# NGS - Quality control, Alignment, Visualisation
### SIB-SWISS
#### https://sib-swiss.github.io/NGS-introduction-training/2022.5/

-------------------------------------------------------------------------------------------------------------------------------

#### Target:
- Understand the basics of the different NGS technologies
- Perform quality control for better downstream analysis
- Align reads to a reference genome
- Visualize the output

![Screenshot%202022-08-28%20124758.png](attachment:Screenshot%202022-08-28%20124758.png)

-------------------------------------------------------------------------------------------------------------------------------

## Different techniques:
- Transcriptome characterization RNA-seq
- Epigenome characterization ATAC-seq
- DNA-protein interactions ChIP-seq
- Whole genome (assembly)
- Variant detection
- Metagenome characterization

-------------------------------------------------------------------------------------------------------------------------------

## Illumina sequencing:

- Sequencing-by-synthesis: 2nd generation sequencing
- Massive throughput: up to 500 x 109 bases/run
- Most used platform today
- 50 – 300 bp
- Paired-end (or single-end)
- Multiplexing

![Screenshot%202022-08-28%20135340.png](attachment:Screenshot%202022-08-28%20135340.png)
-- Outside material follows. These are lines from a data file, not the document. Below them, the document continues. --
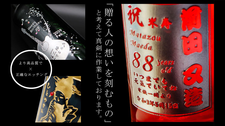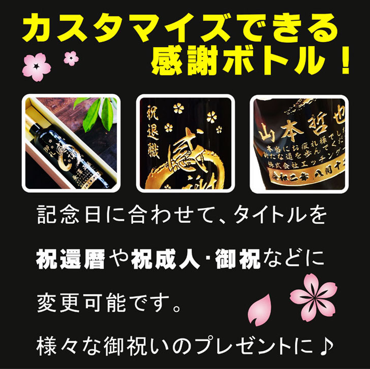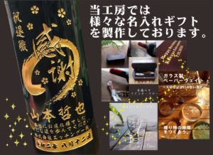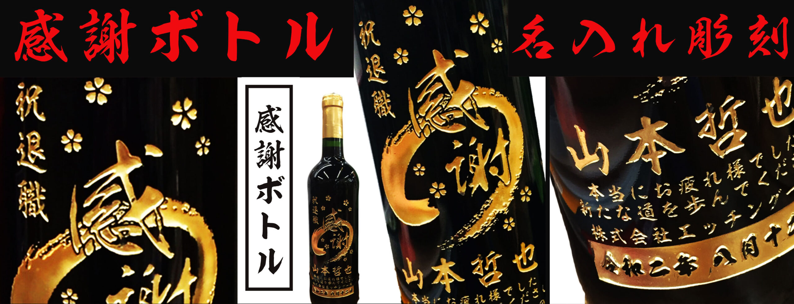 大切な記念日に喜ばれる「感謝ボトル」お名前・贈るメッセージ・記念日を彫刻します~還暦祝い、古希祝い、喜寿祝い、結婚祝い、退職祝い、成人祝い、誕生日プレゼントをはじめ、様々なお祝いの席を盛り上げます♪
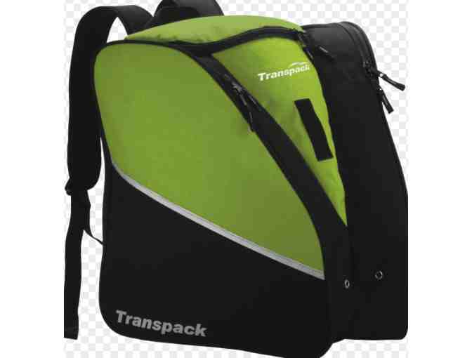Transpack XT PRO boot, helmet, and gear backpack in kelly green. Side pockets hold boots and a roomy central compartment holds helmet, gear, snacks, and drinks!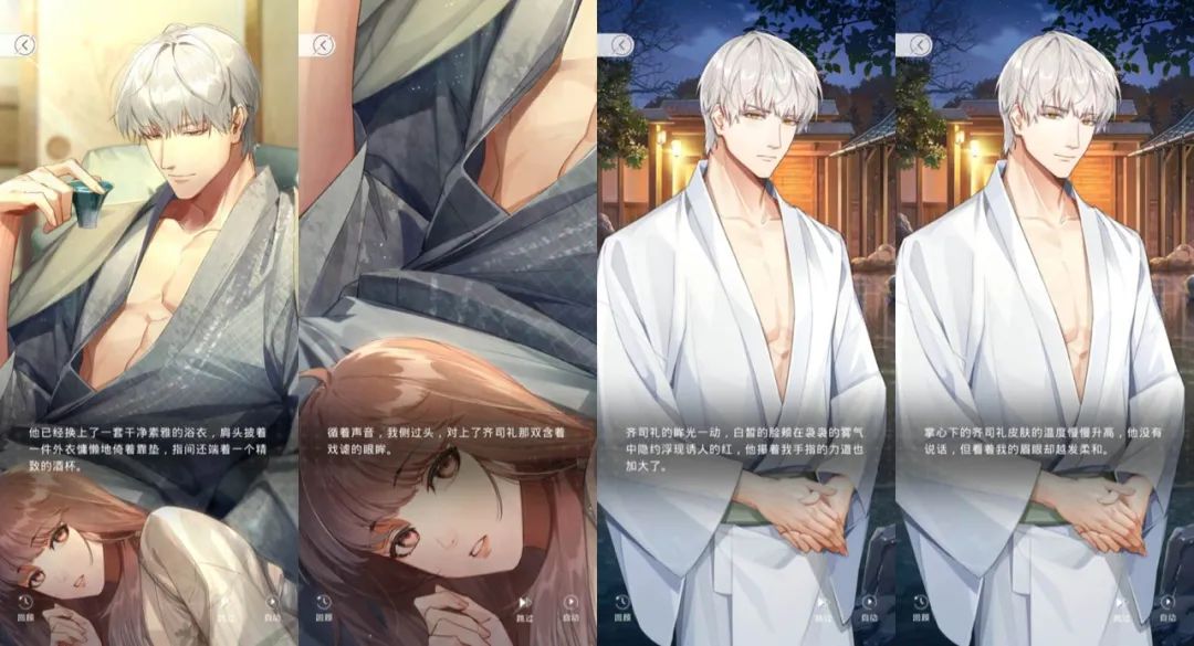 以齊司禮「氤氲之旅」的「心動」交互為例,我們可以選擇和他聊天或者喝酒壯膽。兩個分支的後續劇情有所區別,不變的是甜度爆表的立繪與文案。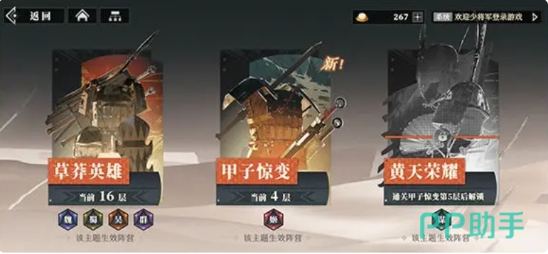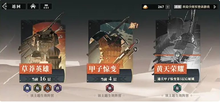 装备加持,是武将成长不可或缺的一环,其中兵械库作为装备获取的宝库,以其丰富的主题和多样的装备,从草莽英雄到甲子惊变,再到黄天荣耀,三大主题对应着不同阵营的装备塔,橙色装备、无双装备都是其中奖励。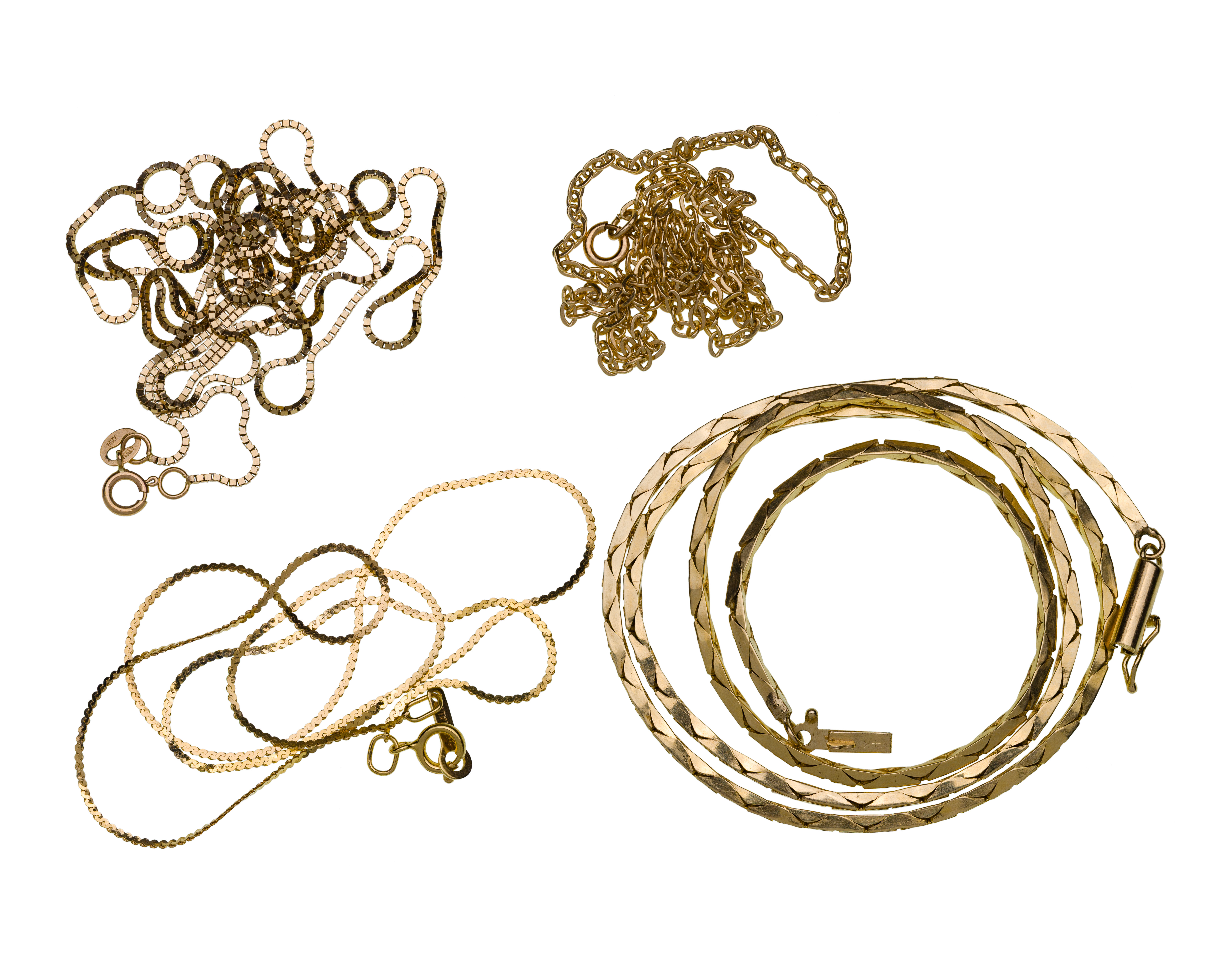(4) chain style necklaces in various designs (all marked 14k)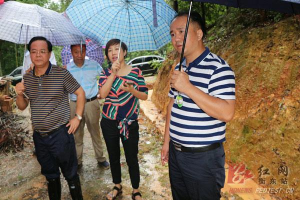 衡东县委副书记、县长徐志毅到杨林、草市指导防汛救灾工作。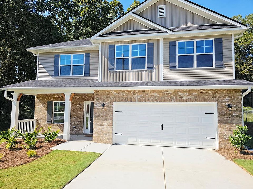 Welcome to "The Oakridge Haven" - A Spacious 4BD/2.5BA 2307 sq ft Retreat in Scarlett Place! cul-de-sac retreat! This two-story home features an open-concept living area, granite countertops with tile backsplash, main-level master suite with separate tub & shower, and a versatile upstairs rec room. Standard features include full sod front & back, 30-year shingles, brick-front exterior, 51/4 baseboards (even in the garage), tray ceiling in master, garbage disposal, and more. Covered patio perfect for relaxing outdoors. No HOA, USDA eligible, only $1,000 earnest money! **Price Reflects Builder Incentive**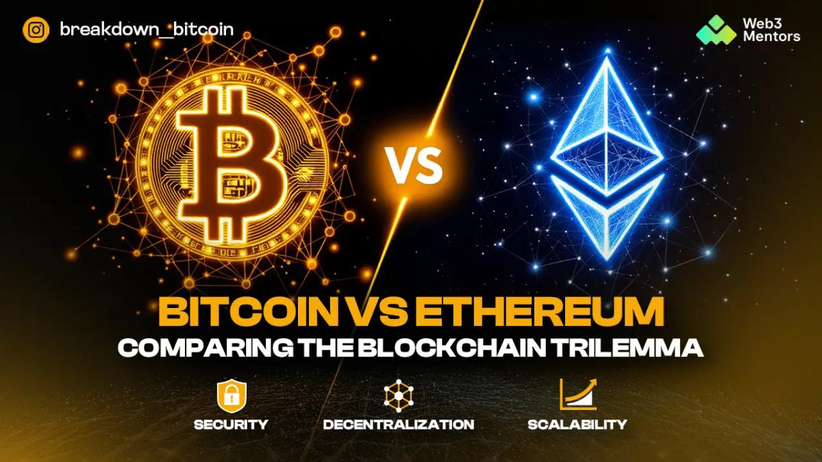 Bitcoin vs Ethereum is often framed as a competition, but that framing misses the point. These two networks are not trying to win the same game. They are optimizing for different priorities, and the differences become very clear when you look at the blockchain trilemma.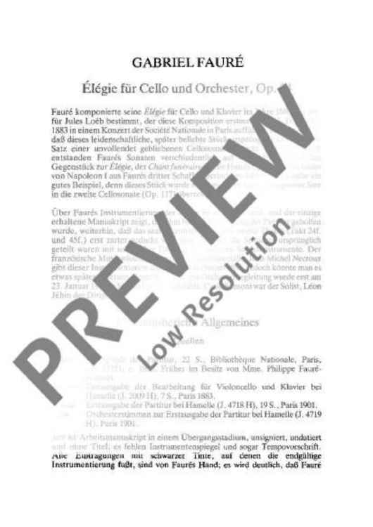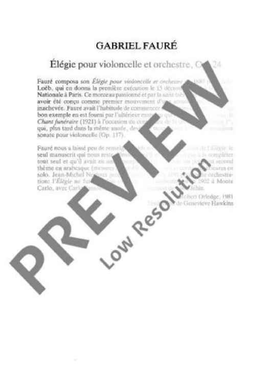 "Elegie - Full Score" Sheet Music by Gabriel Fauré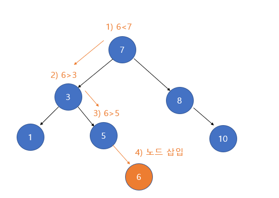 삽입할 위치가 5의 오른쪽 서브 트리인 것을 찾았으므로, 5의 오른쪽 자식으로 6을 추가하면 된다.
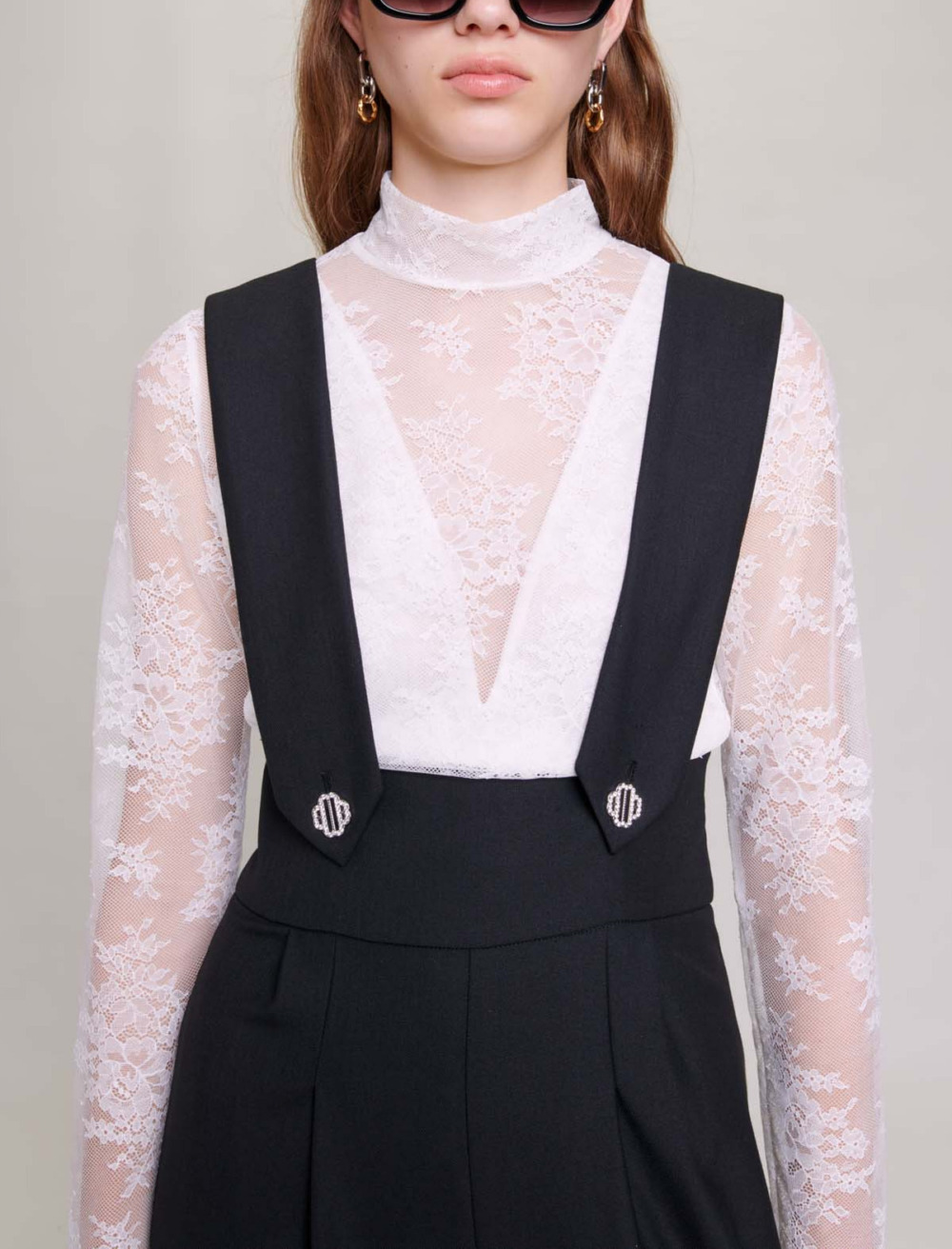 Wide-leg trousers made from recycled wool Oversize removable shoulder straps Belt with Clover rhinestone jewellery buttons.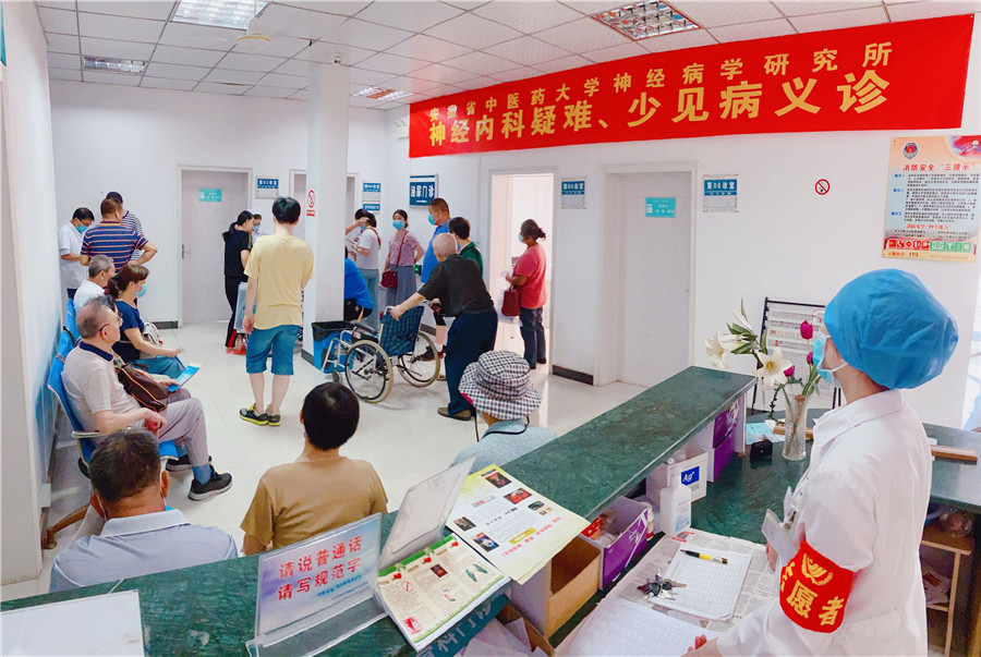儀式結(jié)束后,安徽中醫(yī)藥大學(xué)神經(jīng)病學(xué)研究所附屬醫(yī)院的專家團(tuán)隊(duì)在該院專家門診開(kāi)展神經(jīng)系統(tǒng)疑難、少見(jiàn)病義診,慕名而來(lái)的患者擠滿了走廊。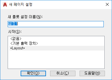 새 페이지 설정의 이름과 함께 시작점으로 사용할 페이지 설정을 지정합니다.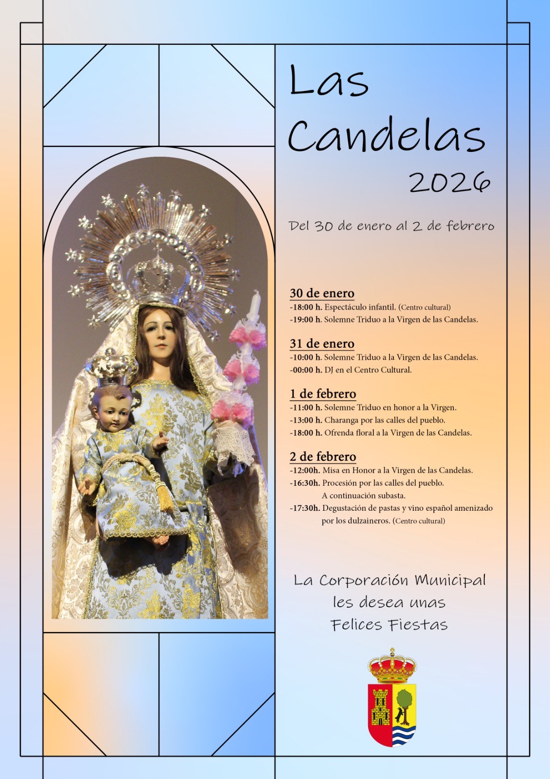Fiestas Las Candelas 20262026-01-23 18:57:17FiestasCon motivo de nuestra patrona, la Virgen de las Candelas, adjuntamos la programación para estos días festivos para nuestro municipio que transcurrirán desde el viernes 30 enero hasta el lunes 2 de febrero, día de la Virgen. Esperemos que las disfrutéis. ¡Viva la Virgen de las Candelas!

![Screenshot%202022-08-28%20135536.png](attachment:Screenshot%202022-08-28%20135536.png)


#### Illumina - limitations:

![Screenshot%202022-08-28%20135827.png](attachment:Screenshot%202022-08-28%20135827.png)

-------------------------------------------------------------------------------------------------------------------------------

## Long reads (3rd generation)

- Crux: maximizing signal from a single molecule base read-out. Single molecule, so no out-of-phase signal

- Two frequently used platforms:
    - PacBio SMRT sequencing
    - Oxford Nanopore Technology

### Oxford Nanopore technology
- Based on changes in electrical current
- Well-known for its scalability and portability
- ~95-97% accuracy

![Screenshot%202022-08-28%20141538.png](attachment:Screenshot%202022-08-28%20141538.png)


- Image from: https://doi.org/10.5281/zenodo.4636843

### PacBio sequencing
- Polymerase bound to ZMW bottom
- Circular molecules
- Single read out ~90% accuracy
- CCS (HiFi): single molecule sequenced multiple times

![Screenshot%202022-08-28%20141946.png](attachment:Screenshot%202022-08-28%20141946.png)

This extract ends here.